Algérie : révolte dans les facultés de médecine
Depuis plus d’une semaine maintenant, les facultés et annexes de médecine sont secouées, à l’échelle nationale, par une mobilisation massive des étudiants, à laquelle se sont joint des médecins en chômage.
- Actualité internationale, Algérie

Cette grève des étudiants en médecins, largement suivie à l’échelle nationale, n’est pas intervenue dans un « ciel serein ». C’est le mûrissement d’un malaise profond qui sévit depuis des années dans les universités du pays.
Un malaise combattu par des mobilisations partielles, qui s’estompent rapidement par la répression et l’absence de syndicats indépendants.
Des milliers de diplômés universitaires prennent la route de l’exil à la recherche d’un avenir incertain
Sur les 250 000 diplômés du supérieur qui arrivent chaque année sur le marché de l’emploi quelques milliers seulement arrivent à décrocher un emploi conforme à leurs diplômes. L’immense majorité vient gonfler le nombre de plus en plus explosif de diplômés chômeurs ou bien ils sont rongés par l’emploi précaire.
Les salaires des jeunes médecins ne dépassent pas les 54 000 dinars par mois (250 euros environ), alors que les quotas d’étudiants admis en spécialité ont connu des réductions drastiques. C’est ce qui plonge des milliers d’étudiants dans le désespoir, prive les structures de santé de médecins en voie de spécialisation, et impacte directement le bon fonctionnement des hôpitaux.
Chaque année les médecins fraîchement diplômés agissent, interpellent leur tutelle (ministère de l’Enseignement supérieur et celui de la Santé) pour plus de places en internat, pour faire face au manque de postes budgétaires car l’utilité des médecins « résidents » est capitale pour la prise en charge des malades aux urgences, dans les différents services et assurent en grande partie des gardes.

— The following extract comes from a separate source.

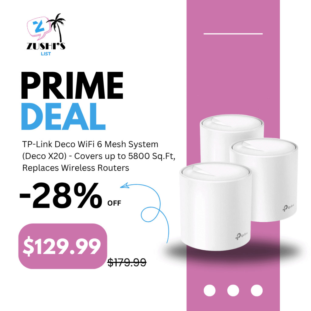 TP-Link Deco WiFi 6 Mesh System(Deco X20) – Covers up to 5800 Sq.Ft, Replaces Wireless Routers and Extenders(3-Pack, 6 Ethernet Ports in Total, Supports Wired Ethernet Backhaul)
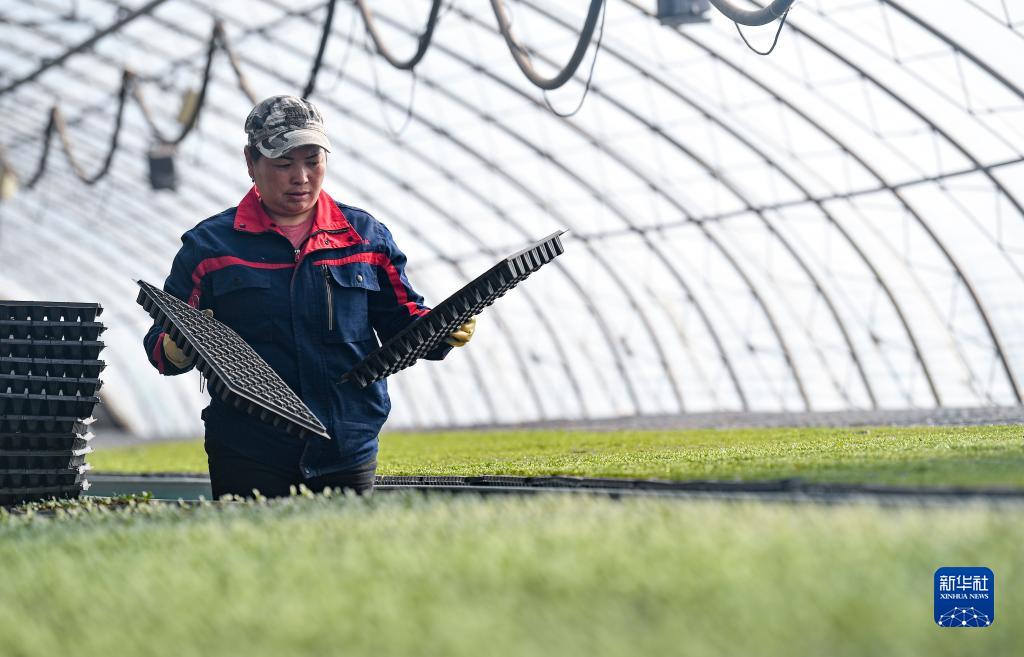 臨近立春,寧夏銀川市賀蘭縣各主要種苗繁育基地的大棚內滿眼綠意,工人們忙著為即將到來的春耕培育幼苗。

Le nombre de patients auscultés par médecin dépasse parfois 150 et un médecin résident peut effectuer jusqu’à sept gardes de 30 heures par mois, gardes qui lorsqu’elles sont rémunérées – elles ne le sont pas toujours – le sont très peu (2 866,50 DA) !

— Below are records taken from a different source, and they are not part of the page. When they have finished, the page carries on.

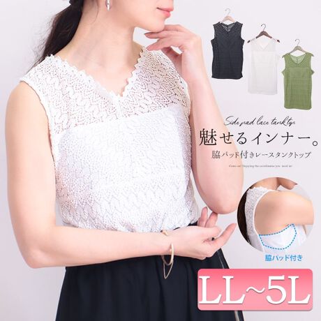 【LL-5L】魅せるインナー脇パッド付レースタンクトップ 大きいサイズ レディース トップス タンク
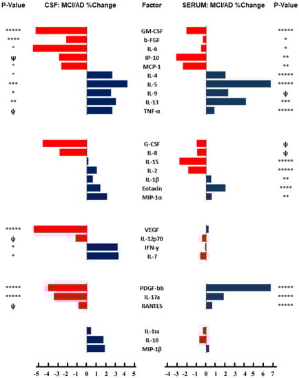 Databar plots depicting the effects of MCI/AD on CSF and serum cytokine expression profiles: Multiplex magnetic-bead-based ELISAs measured 27 human cytokines and chemokines. Databar plots compare the mean percentage changes in immunoreactivity for MCI/AD versus control CSF (left) and serum (right). Reductions in immunoreactivity are indicated by bars to the left of the median, while increases are shown by bars to the right. The scales at the bottom reflect 20% incremental reductions (negative values) or increases (plus values to the right of 0) in cytokine expression in MCI/AD versus control groups. Statistical comparisons were conducted by unpaired t-tests: * p < 0.05; ** p < 0.01; *** p < 0.005; **** p < 0.001; ***** p < 0.0001; ψ 0.05 ≤ p ≤ 0.10 (statistical trend).
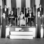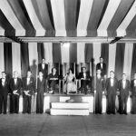 St. Pat, right (seated), W.W. Weltmer, ‘30, and Princess Pat, Miss Virginia Rogers, ruling sovereigns of the Spring Ceremonial of the School of Engineering at North Carolina State College, waiting to confer Knighthood upon members of the senior class who have proved themselves engineers. The traditional Blarney Stone, Prized relic of the School of Engineering, appear on the top step of the dais

Parmi les revendications qui montent de tout le pays
– « L’abrogation du gel de l’authentification des diplômes de docteur en médecine discriminatoire et anticonstitutionnelle » ;
– « l’intégration des facultés de médecine algériennes à la WFME avant 2025, afin d’assurer la reconnaissance internationale de diplômes ».
Un étudiant explique à ce sujet : « Nos diplômes ne servent pas à grand-chose dans notre pays puisqu’ils n’ouvrent pas le droit à l’embauche et la non-reconnaissance de nos diplômes à l’international nous empêchera d’aller tenter notre chance à l’étranger ».
Les grévistes réclament également « l’augmentation massive du nombre de places pédagogiques » et « l’annulation de la décision arbitraire d’interdiction de passer l’examen de spécialité (internat) pour une durée de trois ans en cas de démission ce qui poussera les diplômés au chômage forcé ».
Les médecins au chômage ont rejoint les étudiants
Les médecins en chômage ont d’ailleurs rejoint le mouvement de grève pour réclamer des postes d’emploi dans les hôpitaux qui souffrent d’un déficit énorme en personnels soignants.
Les étudiants de médecine dénoncent enfin « la détérioration des conditions dans les résidences universitaires ».
C’est donc toutes ces difficultés, ces contraintes, ces injustices… qui durent depuis des années, dénoncées à maintes reprises, qui sont à l’origine de cette mobilisation exceptionnelle qui a obligé le ministre de l’Enseignement supérieur à recevoir, tard dans la nuit de samedi, une délégation d’étudiants et médecins grévistes.
Le ministre en personne s’est ensuite livré sur sa page Facebook à un compte rendu des résultats des négociations. Et bien qu’il y ait eu quelques revendications accordées, le mouvement de protestations et de grèves s’est poursuivi, gagnant maintenant la quasi-totalité des facultés et annexes de médecine.